Please set down the records below exactly as they appear.
==*==
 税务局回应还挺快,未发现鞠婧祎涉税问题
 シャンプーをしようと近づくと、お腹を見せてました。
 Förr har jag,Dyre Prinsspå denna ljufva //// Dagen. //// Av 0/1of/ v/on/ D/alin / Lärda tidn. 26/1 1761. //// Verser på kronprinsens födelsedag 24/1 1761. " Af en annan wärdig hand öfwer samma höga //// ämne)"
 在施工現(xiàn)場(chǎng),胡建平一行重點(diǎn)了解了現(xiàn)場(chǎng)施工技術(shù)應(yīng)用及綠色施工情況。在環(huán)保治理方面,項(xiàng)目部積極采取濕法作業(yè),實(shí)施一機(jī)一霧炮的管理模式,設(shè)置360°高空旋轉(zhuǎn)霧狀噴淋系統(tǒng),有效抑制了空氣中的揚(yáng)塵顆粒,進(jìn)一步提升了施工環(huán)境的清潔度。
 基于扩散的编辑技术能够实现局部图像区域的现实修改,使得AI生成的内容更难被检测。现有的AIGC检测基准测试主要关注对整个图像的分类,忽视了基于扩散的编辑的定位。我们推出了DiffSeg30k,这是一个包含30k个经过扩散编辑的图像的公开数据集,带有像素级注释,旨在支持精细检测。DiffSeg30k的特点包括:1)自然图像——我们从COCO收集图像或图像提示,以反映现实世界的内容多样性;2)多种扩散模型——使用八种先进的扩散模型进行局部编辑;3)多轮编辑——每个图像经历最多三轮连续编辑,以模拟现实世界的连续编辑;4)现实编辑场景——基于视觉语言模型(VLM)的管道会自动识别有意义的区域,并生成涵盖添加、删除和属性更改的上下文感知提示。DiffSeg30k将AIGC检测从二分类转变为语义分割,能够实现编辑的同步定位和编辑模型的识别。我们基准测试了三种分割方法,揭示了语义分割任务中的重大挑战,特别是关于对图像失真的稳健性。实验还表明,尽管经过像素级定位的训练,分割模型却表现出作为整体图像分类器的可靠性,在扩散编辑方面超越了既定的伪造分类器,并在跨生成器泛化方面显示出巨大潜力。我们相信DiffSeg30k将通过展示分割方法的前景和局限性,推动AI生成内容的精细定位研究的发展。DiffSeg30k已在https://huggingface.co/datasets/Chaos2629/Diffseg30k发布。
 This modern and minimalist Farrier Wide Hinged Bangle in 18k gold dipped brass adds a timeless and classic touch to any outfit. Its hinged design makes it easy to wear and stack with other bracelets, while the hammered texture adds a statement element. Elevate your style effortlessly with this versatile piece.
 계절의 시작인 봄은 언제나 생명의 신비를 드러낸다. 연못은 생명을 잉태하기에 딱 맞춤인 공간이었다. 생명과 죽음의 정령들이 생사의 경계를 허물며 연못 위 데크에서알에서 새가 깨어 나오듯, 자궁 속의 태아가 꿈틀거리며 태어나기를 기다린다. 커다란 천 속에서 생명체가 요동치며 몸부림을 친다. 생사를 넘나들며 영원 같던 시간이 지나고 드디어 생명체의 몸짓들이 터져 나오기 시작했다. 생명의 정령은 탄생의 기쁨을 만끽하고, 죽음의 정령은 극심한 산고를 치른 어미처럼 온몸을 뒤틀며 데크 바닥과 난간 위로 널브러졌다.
==*==
REPLY TO THE EXERCISE:
 税务局回应还挺快,未发现鞠婧祎涉税问题
 シャンプーをしようと近づくと、お腹を見せてました。
 Förr har jag,Dyre Prinsspå denna ljufva //// Dagen. //// Av 0/1of/ v/on/ D/alin / Lärda tidn. 26/1 1761. //// Verser på kronprinsens födelsedag 24/1 1761. " Af en annan wärdig hand öfwer samma höga //// ämne)"
 在施工現(xiàn)場(chǎng),胡建平一行重點(diǎn)了解了現(xiàn)場(chǎng)施工技術(shù)應(yīng)用及綠色施工情況。在環(huán)保治理方面,項(xiàng)目部積極采取濕法作業(yè),實(shí)施一機(jī)一霧炮的管理模式,設(shè)置360°高空旋轉(zhuǎn)霧狀噴淋系統(tǒng),有效抑制了空氣中的揚(yáng)塵顆粒,進(jìn)一步提升了施工環(huán)境的清潔度。
 基于扩散的编辑技术能够实现局部图像区域的现实修改,使得AI生成的内容更难被检测。现有的AIGC检测基准测试主要关注对整个图像的分类,忽视了基于扩散的编辑的定位。我们推出了DiffSeg30k,这是一个包含30k个经过扩散编辑的图像的公开数据集,带有像素级注释,旨在支持精细检测。DiffSeg30k的特点包括:1)自然图像——我们从COCO收集图像或图像提示,以反映现实世界的内容多样性;2)多种扩散模型——使用八种先进的扩散模型进行局部编辑;3)多轮编辑——每个图像经历最多三轮连续编辑,以模拟现实世界的连续编辑;4)现实编辑场景——基于视觉语言模型(VLM)的管道会自动识别有意义的区域,并生成涵盖添加、删除和属性更改的上下文感知提示。DiffSeg30k将AIGC检测从二分类转变为语义分割,能够实现编辑的同步定位和编辑模型的识别。我们基准测试了三种分割方法,揭示了语义分割任务中的重大挑战,特别是关于对图像失真的稳健性。实验还表明,尽管经过像素级定位的训练,分割模型却表现出作为整体图像分类器的可靠性,在扩散编辑方面超越了既定的伪造分类器,并在跨生成器泛化方面显示出巨大潜力。我们相信DiffSeg30k将通过展示分割方法的前景和局限性,推动AI生成内容的精细定位研究的发展。DiffSeg30k已在https://huggingface.co/datasets/Chaos2629/Diffseg30k发布。
 This modern and minimalist Farrier Wide Hinged Bangle in 18k gold dipped brass adds a timeless and classic touch to any outfit. Its hinged design makes it easy to wear and stack with other bracelets, while the hammered texture adds a statement element. Elevate your style effortlessly with this versatile piece.
 계절의 시작인 봄은 언제나 생명의 신비를 드러낸다. 연못은 생명을 잉태하기에 딱 맞춤인 공간이었다. 생명과 죽음의 정령들이 생사의 경계를 허물며 연못 위 데크에서알에서 새가 깨어 나오듯, 자궁 속의 태아가 꿈틀거리며 태어나기를 기다린다. 커다란 천 속에서 생명체가 요동치며 몸부림을 친다. 생사를 넘나들며 영원 같던 시간이 지나고 드디어 생명체의 몸짓들이 터져 나오기 시작했다. 생명의 정령은 탄생의 기쁨을 만끽하고, 죽음의 정령은 극심한 산고를 치른 어미처럼 온몸을 뒤틀며 데크 바닥과 난간 위로 널브러졌다.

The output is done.